Los guardias ya estaban casi en posición de combate, con las manos suspendidas sobre sus espadas.
El Duque Li Taojun enarcó una ceja y una vena se le marcó en la frente por contener la ira.
Si tan solo no hubiera retirado su influencia militar hacía años.
Lo había abandonado casi todo al enterarse de que había engendrado a una hija.
Una hija que estaba destinada a morir en su hogar si él no la rescataba.
Y él acudió.
Había tenido la intención de llevarla a una vida de grandeza y lujo.
Ahora todo eso no eran más que ilusiones.
La madre de la niña le había dejado muy claro que su hija no quería verlo.
La madre de la niña no quería saber nada de él, aunque fue ella quien se le impuso.
—Has aprendido a hablar como un adulto.
Estoy seguro de que tu padre está muy orgulloso de ti, aunque tuvieras un desarrollo tardío.
No pasa nada, de todos modos, solo necesitas tus manos.
Es la única parte útil de ti —dijo el Duque Li Taojun con ironía antes de mirar al cielo.
—He perdido demasiado tiempo conversando contigo, muchacho —suspiró el Duque Li Taojun, negando con la cabeza—.
Últimamente soy demasiado generoso al conversar con don nadies cuando normalmente soy mentor de niños de la realeza.
—Me alegro de que conozcas tu humilde posición —rio Li Wenmin y dijo—: No eres más que un perro que se aprovecha de la familia real.
Qué vergonzoso, pero supongo que es lo que se puede esperar de ser su perro guardián.
—Vamos, vamos, muchacho, te has precipitado.
¿Qué pasó, niño?
Solías aferrarte a mi pierna, rogándome que te enseñara todo lo que sé.
El rostro de Li Wenmin se ensombreció.
No se esperaba ese golpe directo.
Todo el mundo sabía que no solo él había pedido ser entrenado.
Li Minghua también lo había importunado al mismo tiempo.
—Ahora que has dominado técnicas por tu cuenta, ¿de verdad te crees el Maestro?
Sigues siendo un pupilo que solo es famoso por su apellido.

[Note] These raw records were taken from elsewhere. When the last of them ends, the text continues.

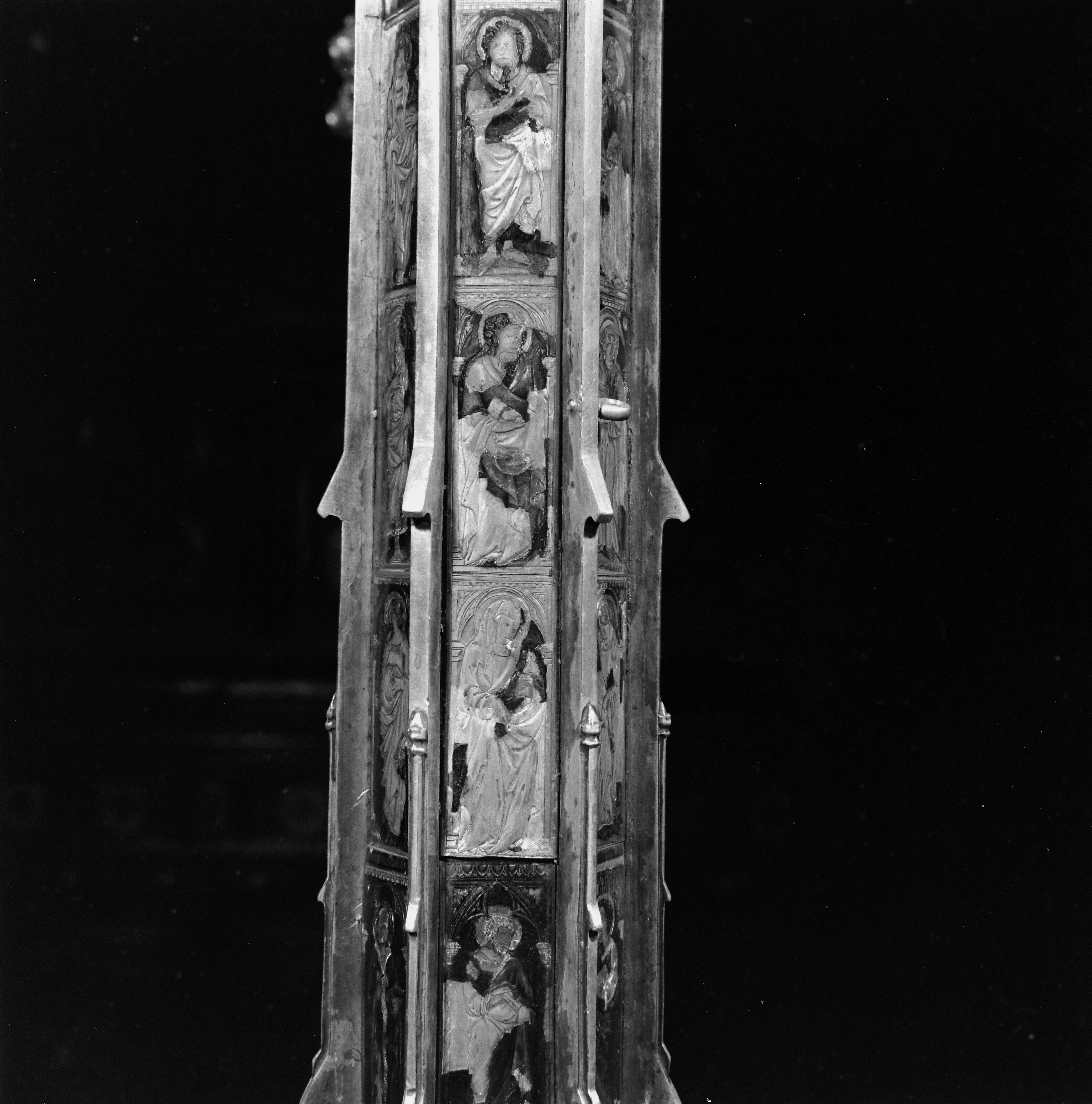 Orvieto - Cattedrale di S. Maria Assunta, Cappella del Corporale, Reliquiario del Corporale di Bolsena, particolare del pilone con figure di Santi.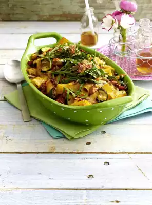 In the meantime, sort out the rocket, wash, drain well and chop into small pieces. Break the bacon into small pieces. Mix both with vinegar and 1 tsp olive oil. Take the casserole out of the oven. Spread the rocket and bacon mixture over it and serve immediately.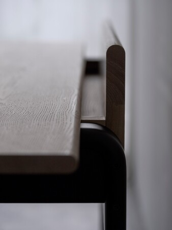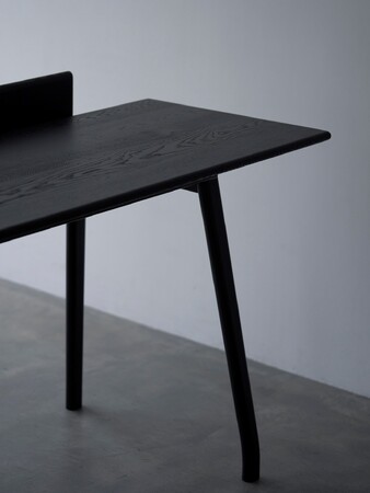 デスクを構成する素材は、天板には木目が美しい北海道産のタモ材、脚部にはなめらかな仕上がりの北海道産のカバ材を使用。テクスチャーの異なる素材、直線的なトップと有機的なレッグデザインの対比がより、軽快さと美しい違和感を醸し出します。
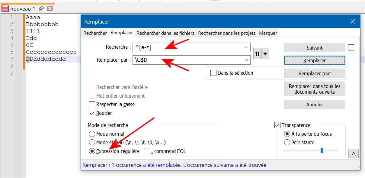 - "Remplacer par" se charge de remplacer ce "groupe 1" en Majuscule.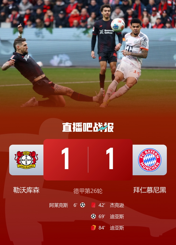 7连胜终结+9分领跑!九人拜仁1-1药厂 迪亚斯扳平+染红杰克逊直红
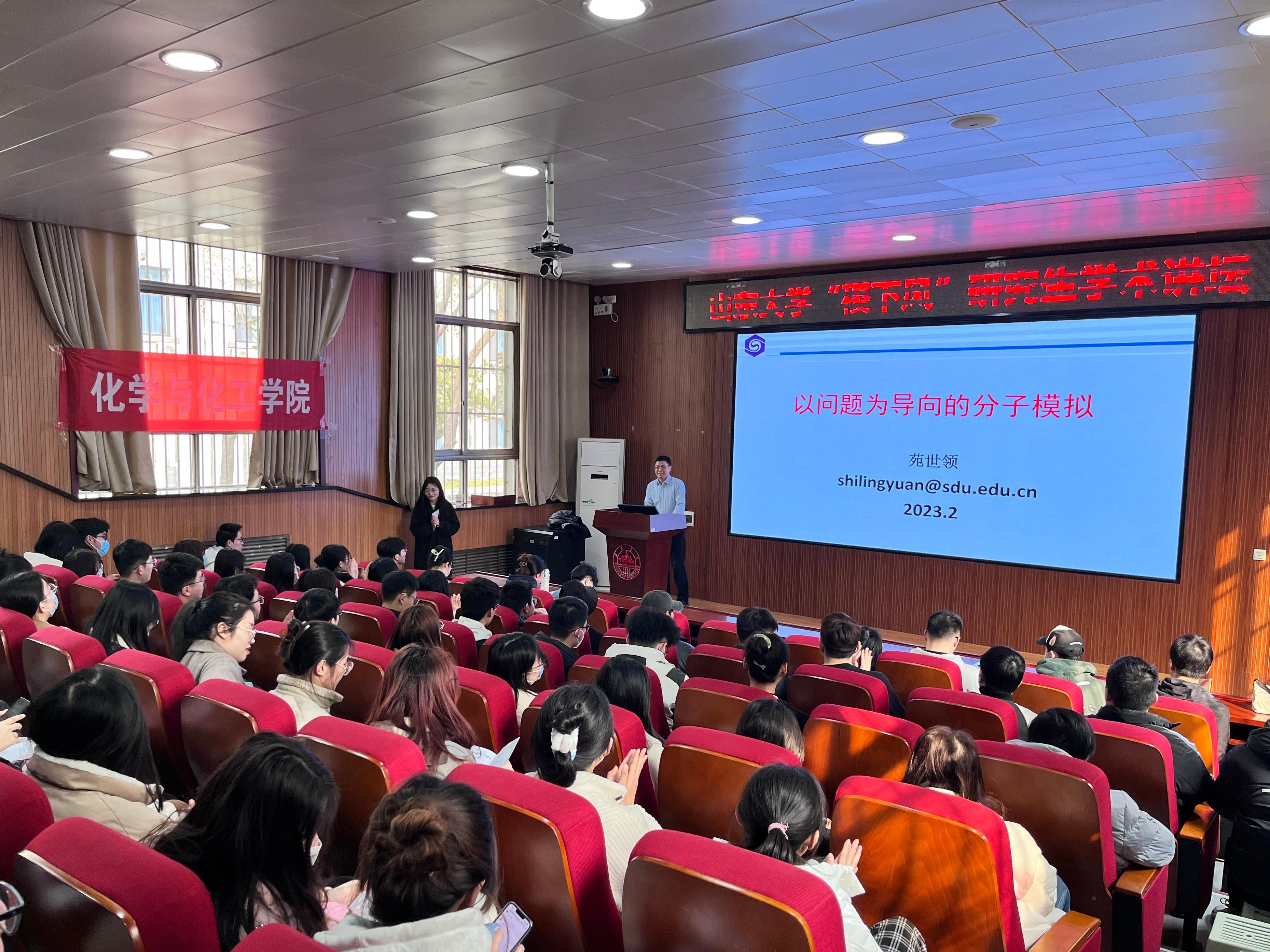 2月28日,由SUNBET申博研究生院、党委研究生工作部主办,SUNBET申博承办的2022年第81期(总第1210期)“稷下风”研究生学术论坛在化学老楼学术报告厅举办。SUNBET申博苑世领教授作了题为“以问题为导向的分子模拟”的学术报告,200余名研究生参与讲坛。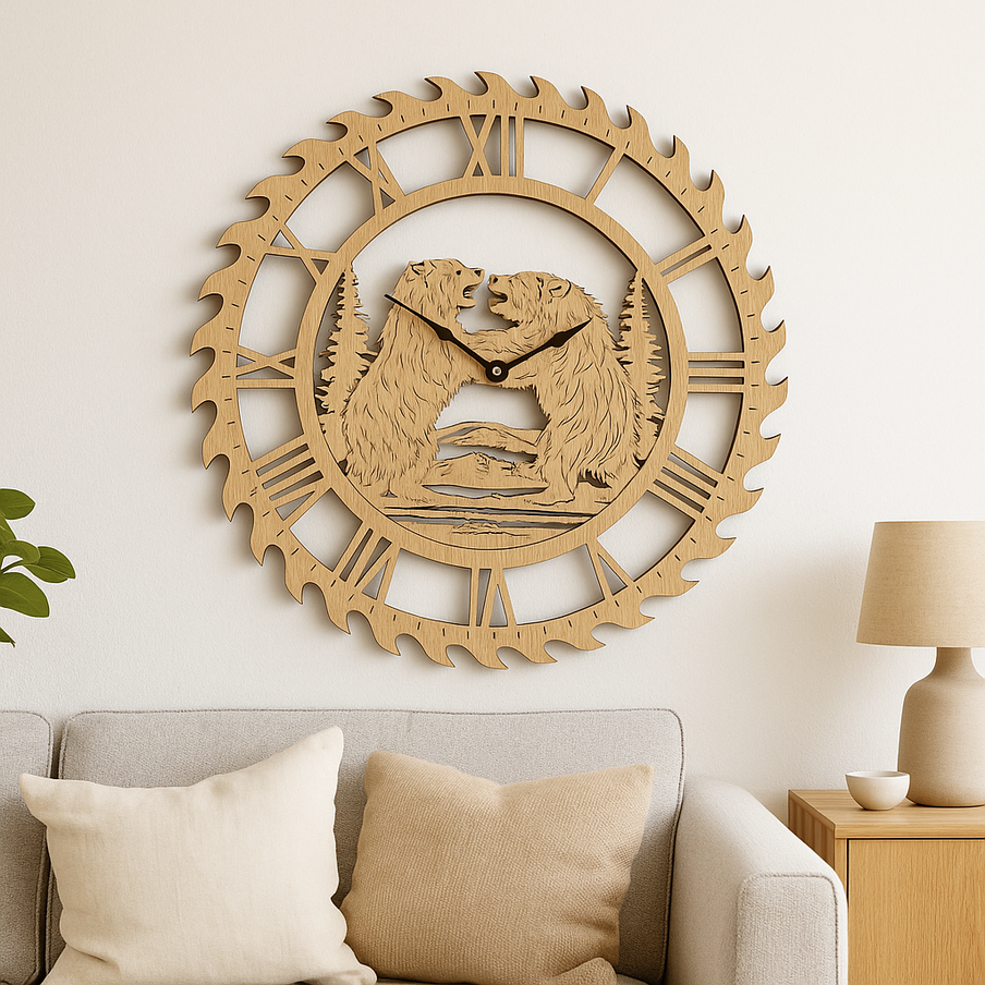 Designed with a silent, non-ticking quartz mechanism, this clock is perfect for bedrooms, offices, workshops, studios or any environment where peace and quiet matter. Its lightweight, slim and durable construction makes mounting effortless, while the bear-themed design adds personality to rustic homes, nature-inspired interiors, reading corners or modern living rooms.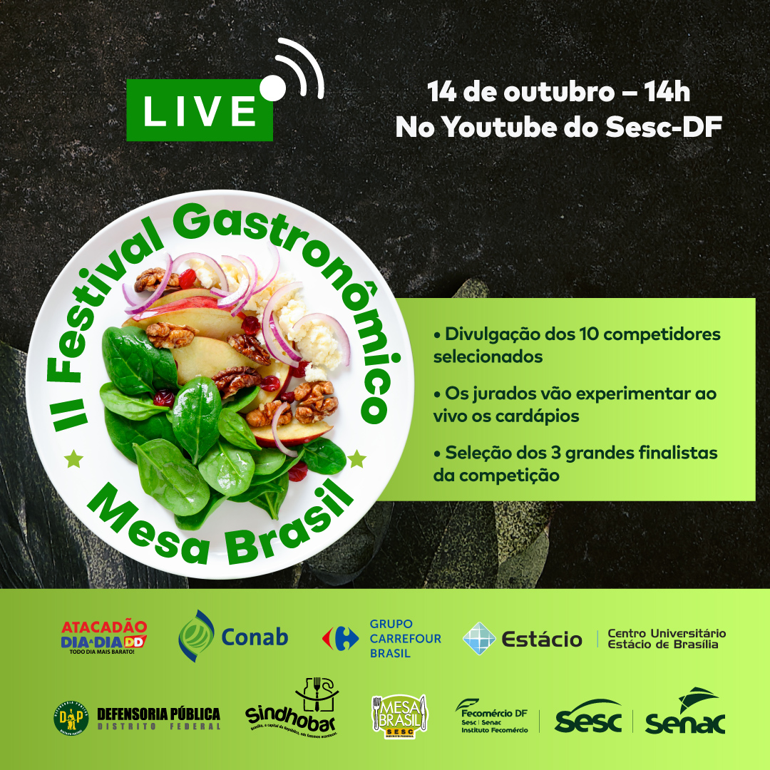​​​​Para incentivar cada vez mais pessoas a adotarem a alimentação inclusiva e como forma de celebrar o Dia Mundial da Alimentação (comemorado em 16 de outubro), o Mesa Brasil Sesc do Distrito Federal realizará nesta quinta (14) e sexta feira (15), às 14h, com transmissão ao vivo no Youtube do Sesc-DF - CLIQUE AQUI​, o II Festival Gastronômico online com receitas a partir do reaproveitamento dos alimentos ou aproveitamento integral dos alimentos. As 10 instituições selecionadas vão preparar uma receita que terá de ser obrigatoriamente um prato principal vegetariano, composto de saladas ou vegetais cozidos, guarnição e acompanhamentos.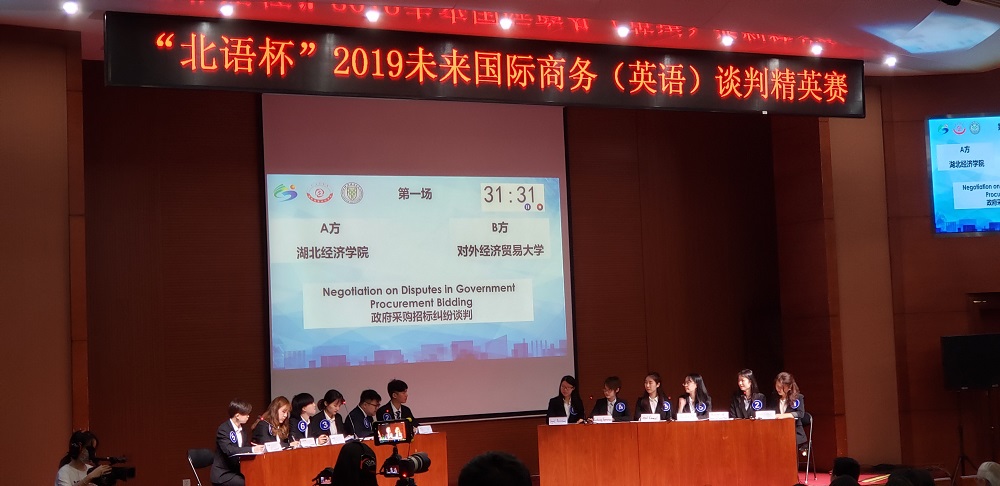 由中国管理现代化研究会国际商务谈判专业委员会主办、北京语言大学商皇冠网址 承办的“北语杯”2019未来国际商务(英语)谈判精英赛,于2019年5月25-26日在北京语言大学成功举办。皇冠网址代表队凭借深厚的专业知识、灵活的谈判技巧、得体的商务礼仪和流畅的英语表达,从18支参赛的高校队伍中脱颖而出,获得季军,同时李莎同学获得优秀辩手称号,朱玉同学获得最佳辩手称号。

—¿Tan poca autoestima tienes que necesitas insultar a un «pupilo» que ha logrado muchas más cosas de las que tú jamás lograste?
—suspiró Li Wenmin, negando con la cabeza en señal de desaprobación.
El Duque Li Taojun dio un paso amenazante hacia adelante.
—Tú y yo sabemos perfectamente por qué abandoné mi puesto en el ejército.
Tu padre tuvo algo que ver.
¡No me tientes a revelar todos sus secretos más oscuros, como usar a mi propia hija en mi contra!
Li Xueyue se estremeció.
No esperaba oír la palabra «hija» salir de su boca.
De repente, sus ojos se abrieron como platos.
Un momento.
¡¿Significaba eso que él lo supo todo el tiempo?!